La démission en bloc des trois membres indépendantes du C.A. de l'Agence métropolitaine de transport(AMT) pourrait être un premier pas vers une transformation majeure de cet organisme, et vers une nouvelle distribution des rôles dans la planification des transports en commun métropolitains.

En entrevue à La Presse, le ministre des Transports du Québec, Sylvain Gaudreault, a reconnu hier que les problèmes de gouvernance de l'AMT, qui ont entraîné ces démissions, sont connus de son gouvernement depuis un an. Selon lui, il avait été convenu, en 2012, que la question serait abordée dans la future Politique québécoise de mobilité durable (PQMD) dont le dépôt est attendu cet automne.

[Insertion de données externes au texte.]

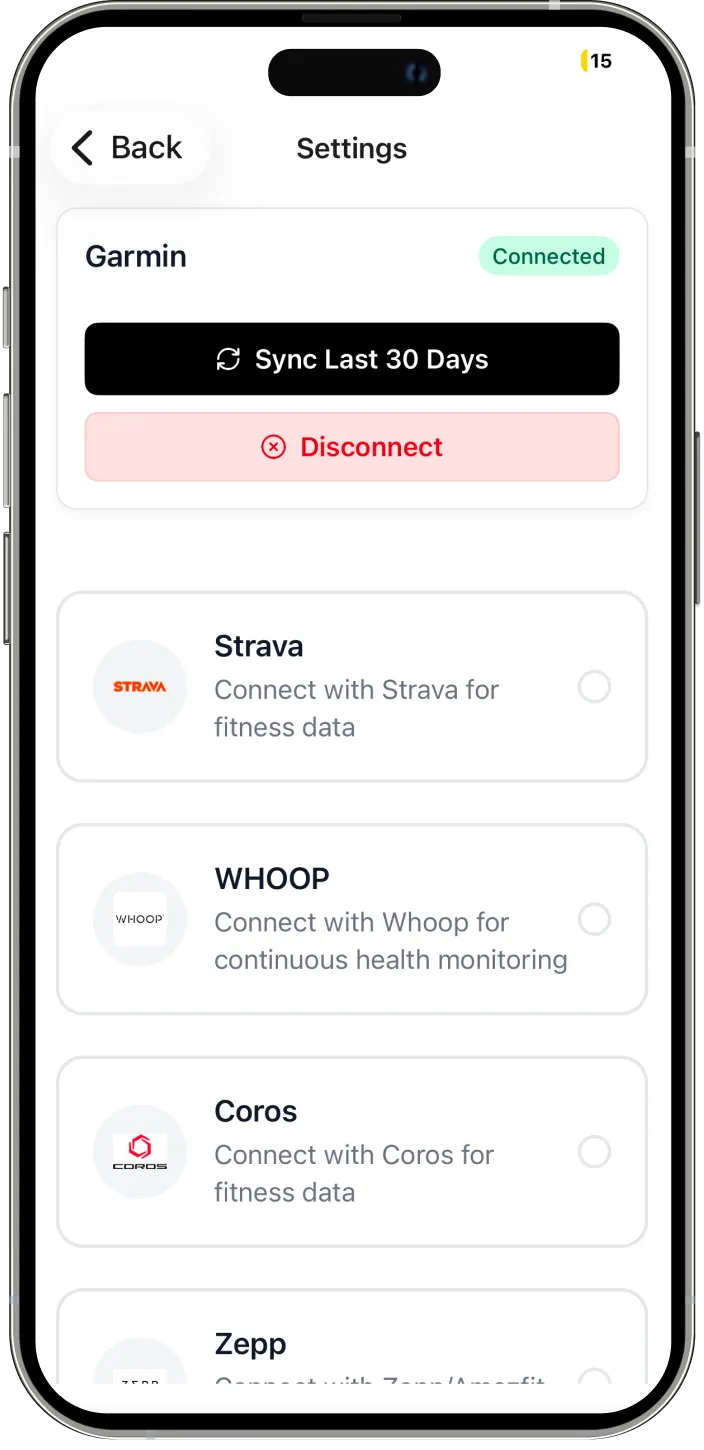 Custom tracking app — integrated with Garmin, Strava, Amazfit

M. Gaudreault a assuré hier que cette politique sera rendue publique «d'ici quelques semaines» et qu'elle proposera une solution aux problèmes de gouvernance «qui ne sera pas nécessairement celle qui m'a été suggérée par l'AMT en juin dernier».

«Pas conforme à la loi»

Il en a profité pour fustiger l'ancien gouvernement libéral, qui connaissait aussi cette situation et qui n'a rien fait pour y remédier après avoir pourtant adopté, en 2006, une loi sur la gouvernance des sociétés d'État qui prescrivait des règles précises pour la formation de leur conseil d'administration. L'AMT ne s'y est jamais conformée, à tel point qu'elle serait aujourd'hui, selon M. Gaudreault, la «seule société d'État qui ne soit pas conforme à la loi».

Le conseil d'administration de cette agence provinciale qui emploie 380 personnes et dont le budget annuel s'est élevé, l'an dernier, à 212 millions est présentement composé de sept personnes: son président et directeur général, Nicolas Girard, trois élus municipaux dont un de la Ville de Montréal, et trois membres indépendants provenant du milieu socioéconomique.

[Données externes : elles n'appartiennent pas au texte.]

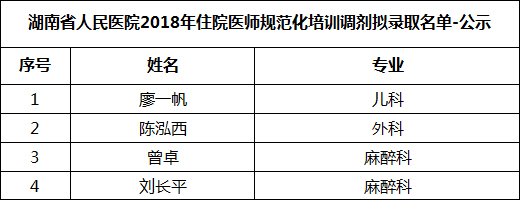 湖南省人民医院2018年住院医师规范化培训调剂拟录取名单-公示

Ce sont ces trois membres qui ont démissionné en bloc cette semaine, comme l'a révélé La Presse hier. L'une d'entre elles, Mme Martine Corriveau-Gougeon, siégeait au C.A. de l'AMT depuis 2003 et était présidente du comité de vérification interne. Les deux autres, Louise Fecteau et Céline Garneau, y ont été nommées en 2011 par Québec.

Leur départ en bloc à quelques semaines du dépôt d'une politique qui doit régler les problèmes de gouvernance qu'elles dénoncent a relancé hier les spéculations sur l'avenir de cette agence, créée en 1996 pour planifier le développement des transports collectifs à l'échelle métropolitaine.

Dans un mémoire adressé au ministre Gaudreault en juin, l'AMT proposait que son C.A. soit formé de 15 personnes, soit 6 élus municipaux et 9 membres «indépendants» qui seraient nommés par le gouvernement. Les fonctions de président du conseil d'administration et de directeur général, présentement assumées par le PDG, seraient scindées en deux postes distincts.

Ces propositions «font consensus dans les municipalités de la région métropolitaine», a assuré hier le PDG de l'AMT, Nicolas Girard.

Problème plus large

Mais pour plusieurs intervenants du milieu des transports collectifs joints hier par La Presse, qui se sont exprimés sous le sceau de la confidentialité, les enjeux de gouvernance entourant l'AMT dépassent largement la composition ou le nombre de membres de son conseil d'administration.

L'AMT, qui gère aussi le réseau de trains de banlieue de la région métropolitaine, n'a jamais fait l'unanimité auprès de ses principaux «partenaires», soit les 82 municipalités de son territoire regroupées au sein de la Communauté métropolitaine de Montréal (CMM). Au cours des dernières années, la CMM s'est élevée à maintes reprises contre des décisions de l'AMT concernant les tarifs des trains de banlieue, la création de nouveaux services de bus, le partage des revenus provenant de la taxe sur l'essence et la croissance des contributions financières demandées par l'Agence aux municipalités.

Lors des consultations du ministre Gaudreault sur la prochaine «politique de mobilité durable», la CMM a réclamé des pouvoirs d'approbation et de désaveu sur les budgets et les projets d'immobilisations de l'AMT.

Il est aussi de notoriété publique que les villes de Montréal et Longueuil, entre autres, verraient d'un bon oeil un transfert des responsabilités de planification des transports vers la CMM, et la transformation de l'AMT en un simple opérateur de trains de banlieue. Un des candidats à la mairie de Montréal, Denis Coderre, a d'ailleurs présenté en début de semaine une proposition semblable dans sa plateforme électorale sur les transports.